Advanced Television

Jupiter-3 a changemaker

April 5, 2024

EchoStar’s Jupiter-3 satellite is a true giant for subsidiary HughesNet. When stowed within the SpaceX Falcon Heavy rocket (on July 28th 2023) it was described as being about the size of a school bus. Within hours of its launch it was successfully receiving and sending signals.

However, today’s picture is not quite so rosy. Despite Hughes gaining approval for its new electronically steered antenna-based terminal (HL1120W) for OneWeb, itself a major coup, Hughes is suffering. It is accepted that Hughes is losing clients, in particular private consumers, to SpaceX’s Starlink.

Built by Maxar Technologies, Jupiter-3, with its massive 10-storey wide solar panels deployed precisely as planned and the 9-tonnes craft capable of handling well over 500 Gb/s, and with speeds of up to 100 Mb/s. Its 300 spot-beams each are capable of handling 500 MHz – there are problems.

Hughes says that Jupiter-3 is a true Ultra High-Density craft, and its main targets are its existing ground-based clients as well as seamlessly boosting connectivity for airline customers throughout the Americas, and through its partnerships covering Europe as well as the Mille East and Africa.
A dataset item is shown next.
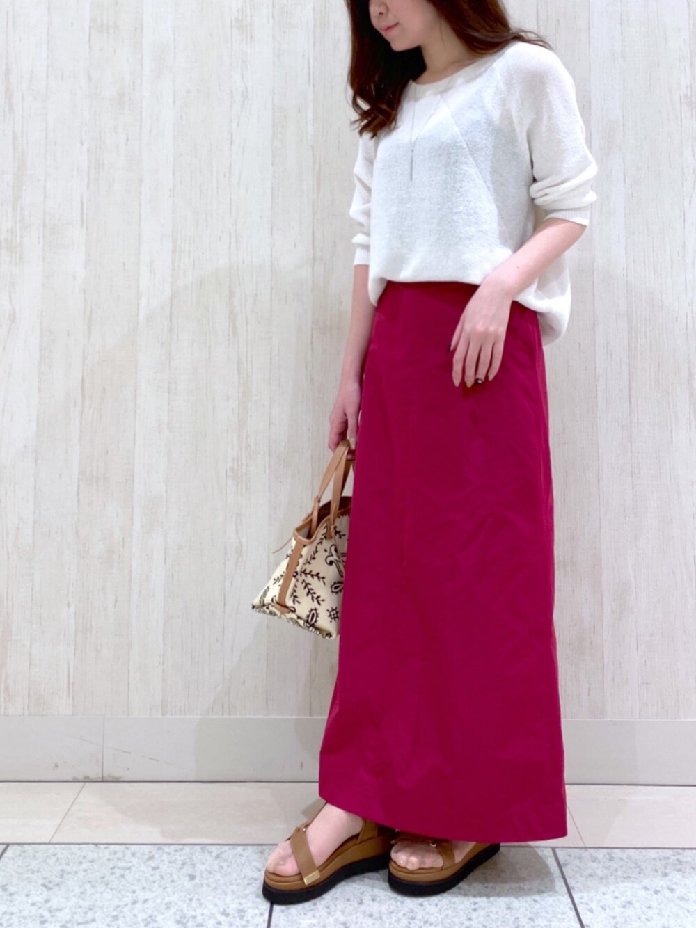 脚長効果抜群のタイトスカートは、履くだけでスタイルUPできる優秀アイテムです⭐︎ 透け感のあるニットで、春らしい装いがおすすめです‼︎

It entered full service on January 12th.

But there are questions: Jupiter-3 is fighting its corner and while its capacity is undoubtedly impressive it was ordered back in 2017 – and designed ahead of that date – its construction was badly hit by component and labour delays caused by the Covid pandemic. It should have launched in 2021 which, if nothing else, would have given it a chance to establish itself before SpaceX encroached on its market. The delays were such that Maxar waived $57 million in fees as compensation for Hughes.

The satellite, also known as EchoStar XXIV, doubled HughesNet’s fleet capacity which is much needed from its 95 degrees West orbital position. Its portfolio of clients include telcos and their backhaul capacity and there are plenty of rural businesses and residential users which needed extra bandwidth.

Hamid Akhavan, CEO of parent company EchoStar, said: “This purpose-built satellite is engineered uniquely to meet our customers’ needs and target capacity where it’s needed most, such as the most rural regions of the Americas, so they can stay connected to the applications and services they depend on every day.”

That claim is true, but an examination of quarterly reports from Hughes Network Systems and its Middle East partner Yahsat, and their joint-venture Broadband Connectivity Solutions Ltd (BCS), formed in 2018 is 80 per cent owned by Yahsat and the balance by Hughes/EchoStar, shows problems. Jupiter-3’s coverage of Brazil is in the form of another j-v (HPE), where Hughes is the 80 per cent holder and Yahsat taking the 20 per cent slice.

Yahsat says BCS saw sales rise 6 per cent in 2023 to $25 million although its subscriber count rose just 1 per cent to 22,365 customers. Hughes, meanwhile, in its SEC filing on April 1st took a $33.4 million “impairment charge” on BCS and blaming “increased competition and the economic environment for this business”. Yahsat says only that revenues “may be impaired due to a rapid deterioration in the global macroeconomic environment” and that its Brazilian business continues to face headwinds in the form of increased competition.

HPE’s numbers are not spun out from its other Latino business but Hughes reports that its overall revenues from South and Central America suffered a fall of 9.6 per cent to $159.5 million last year.

Thankfully, Hughes is far from dead. It has a valuable business backlog ($1.97 billion as at December 31st 2023) and up 30 per cent y-o-y and has a handful of US government orders in hand which will help. It is also counting on the availability of Jupiter-3 to not only boost those numbers but to expand into other services.

However, Hughes core broadband subscriber numbers continue to fall. The subscriber numbers stood at 1.56 million in December 2022. On November 6th 2023 EchoStar said that Hughes had 1.06 million broadband subscribers. On March 1st, EchoStar COO Paul Gaske said that Hughes had lost 224,000 subscribers since 2022 and now had “approximately” 1 million subscribers.

Hughes must hope that its new agreement with OneWeb will help improve that picture.